Bonus lainnya, bisa mengajak semua orang tua dan adik-adik keliling Eropa.
Bagaimana kemudian jika kami kerja di Indonesia? Butuh berapa tahun mewujudkan semua itu?
Sampai di sini, bisa dilihat bagaimana perbedaan yang cukup mencolok antara nasib lulusan S3 yang kerja di LN dan di Indonesia, bukan?
Saya nggak sedang maido atau merendahkan, karena faktanya, lulusan-lulusan S-2 dan S-3 memang belum banyak terserap maksimal dengan baik di tanah air. Akhirnya pilihan karirnya pun terbatas, dengan mayoritas menjadi dosen.

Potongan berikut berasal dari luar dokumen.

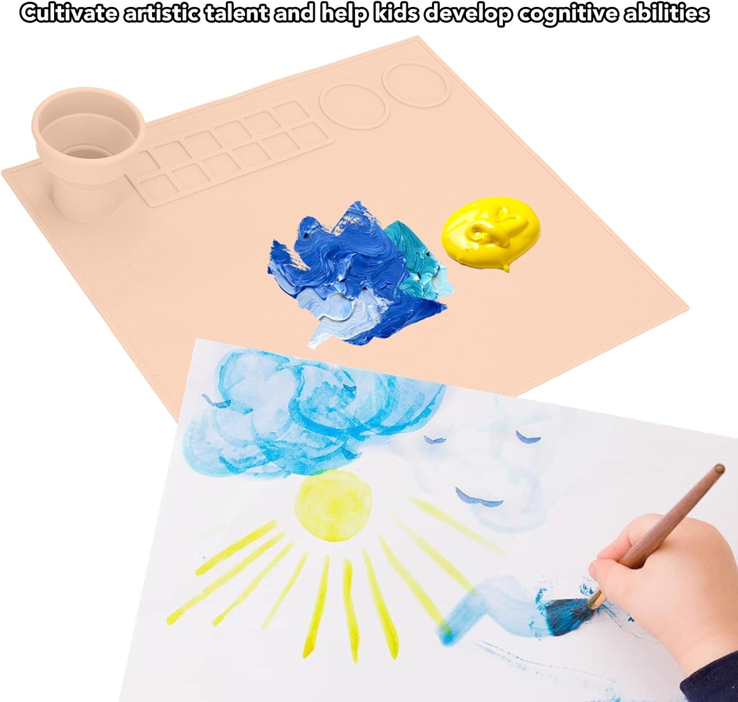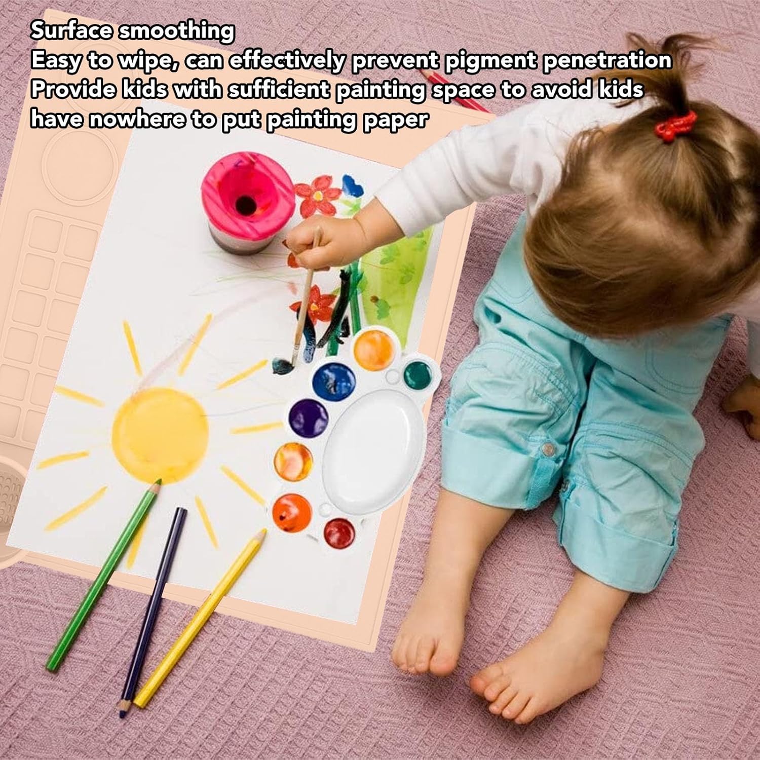 [Spazio sufficiente] Progettato di grandi dimensioni, questo tappetino offre molto spazio per disegnare e previene qualsiasi restrizione alla creatività e. [Creatività] Stimola l'immaginazione e i talenti artistici di tuo figlio con questo pratico strumento fai-da-te per promuovere lo sviluppo cognitivo. [Uso versatile] Dalla pittura allo scarabocchio, al collage e altro ancora, questo tappetino è ideale per l'educazione artistica e le attività di legame familiare. [Materiale premium] Realizzato in silicone, questo tappetino da pittura è affidabile e affidabile per garantire un'esperienza di disegno superiore al tuo bambino. [Facile da pulire] Facile da pulire, impedisce la penetrazione dei pigmenti e mantiene la pulizia del tappetino con il minimo sforzo.

Kalau di LN, mayoritas lulusan S-3 justru berkarir di industri, yang tentu reward atau penghargaan berupa gaji sangat baik. Tidak hanya itu, lingkungan kerja yang baik dan sangat ramah keluarga, work-life balance, yang akhirnya memantapkan niat kami untuk membesarkan anak-anak di sini.
Semoga tulisan ini jadi referensi adik-adik atau teman-teman yang memang punya cita-cita kuliah sampai S-3. Bahwa tidak ada ruginya sama sekali kita sekolah atau kuliah setinggi mungkin.
Jika kemudian merasa di dalam negeri kurang mendapat apresiasi, kita bisa mencarinya di tempat lain. Percayalah, memiliki kemampuan dan ilmu yang baik itu berguna sekali.
Kita bisa mandiri dengan kemampuan sendiri, bahkan bisa banyak manfaatnya bagi sekitar. Kita pun tidak perlu pakai orang dalam, apalagi sampai ngrepotin bapak.